Exercise aim: Give the number of lines in these entries that contain "from", and nothing more.
•••
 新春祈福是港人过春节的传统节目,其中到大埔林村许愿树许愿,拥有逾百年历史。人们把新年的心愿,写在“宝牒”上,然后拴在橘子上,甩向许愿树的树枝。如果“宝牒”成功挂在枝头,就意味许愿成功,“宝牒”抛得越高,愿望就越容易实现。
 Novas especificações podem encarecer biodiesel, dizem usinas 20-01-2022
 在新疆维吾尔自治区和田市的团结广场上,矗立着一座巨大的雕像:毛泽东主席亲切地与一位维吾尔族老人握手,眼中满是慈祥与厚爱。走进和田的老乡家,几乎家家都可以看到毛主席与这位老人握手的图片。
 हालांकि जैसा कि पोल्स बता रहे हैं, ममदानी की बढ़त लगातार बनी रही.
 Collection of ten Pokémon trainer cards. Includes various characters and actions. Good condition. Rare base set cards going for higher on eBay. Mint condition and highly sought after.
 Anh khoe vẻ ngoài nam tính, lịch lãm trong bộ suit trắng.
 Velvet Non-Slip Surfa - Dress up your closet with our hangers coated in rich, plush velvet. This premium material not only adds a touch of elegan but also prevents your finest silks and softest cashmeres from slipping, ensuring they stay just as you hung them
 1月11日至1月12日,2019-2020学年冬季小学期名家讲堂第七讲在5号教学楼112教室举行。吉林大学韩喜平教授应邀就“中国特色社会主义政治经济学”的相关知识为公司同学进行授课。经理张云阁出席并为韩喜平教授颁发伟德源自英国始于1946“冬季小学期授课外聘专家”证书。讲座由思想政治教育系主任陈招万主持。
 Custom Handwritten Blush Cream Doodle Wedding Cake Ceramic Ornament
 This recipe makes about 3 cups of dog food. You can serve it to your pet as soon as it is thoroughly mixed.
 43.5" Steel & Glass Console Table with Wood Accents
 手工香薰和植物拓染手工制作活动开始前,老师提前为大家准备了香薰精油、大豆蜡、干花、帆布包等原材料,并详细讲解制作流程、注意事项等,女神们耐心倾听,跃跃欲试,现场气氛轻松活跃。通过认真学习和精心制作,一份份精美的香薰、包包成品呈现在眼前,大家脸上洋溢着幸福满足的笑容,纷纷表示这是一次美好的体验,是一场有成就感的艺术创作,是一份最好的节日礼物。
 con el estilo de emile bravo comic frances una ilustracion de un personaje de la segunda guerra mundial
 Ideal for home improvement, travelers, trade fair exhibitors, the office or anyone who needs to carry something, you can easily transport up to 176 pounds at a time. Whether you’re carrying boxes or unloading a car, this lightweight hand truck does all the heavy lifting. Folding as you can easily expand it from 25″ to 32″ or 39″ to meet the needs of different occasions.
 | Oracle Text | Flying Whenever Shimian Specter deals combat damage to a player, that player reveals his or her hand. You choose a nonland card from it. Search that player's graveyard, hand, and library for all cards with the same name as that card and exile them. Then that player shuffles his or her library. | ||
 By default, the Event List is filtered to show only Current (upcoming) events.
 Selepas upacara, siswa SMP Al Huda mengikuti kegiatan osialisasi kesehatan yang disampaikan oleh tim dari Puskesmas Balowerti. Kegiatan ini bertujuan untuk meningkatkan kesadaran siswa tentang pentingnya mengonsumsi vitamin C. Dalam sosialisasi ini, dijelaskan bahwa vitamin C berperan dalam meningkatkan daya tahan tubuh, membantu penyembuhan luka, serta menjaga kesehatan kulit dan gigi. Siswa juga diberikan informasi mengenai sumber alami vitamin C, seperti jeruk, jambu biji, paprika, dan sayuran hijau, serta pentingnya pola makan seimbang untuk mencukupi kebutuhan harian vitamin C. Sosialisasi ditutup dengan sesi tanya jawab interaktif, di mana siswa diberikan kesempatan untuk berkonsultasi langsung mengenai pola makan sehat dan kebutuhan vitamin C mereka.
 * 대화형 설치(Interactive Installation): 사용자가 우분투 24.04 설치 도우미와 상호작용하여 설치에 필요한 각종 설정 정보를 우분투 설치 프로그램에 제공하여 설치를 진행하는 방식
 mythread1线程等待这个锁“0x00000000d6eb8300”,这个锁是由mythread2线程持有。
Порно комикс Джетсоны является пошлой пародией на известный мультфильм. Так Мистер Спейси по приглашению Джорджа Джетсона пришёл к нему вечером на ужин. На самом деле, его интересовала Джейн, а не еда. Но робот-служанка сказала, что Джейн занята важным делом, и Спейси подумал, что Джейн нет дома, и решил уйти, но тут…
•••
Answer area: 3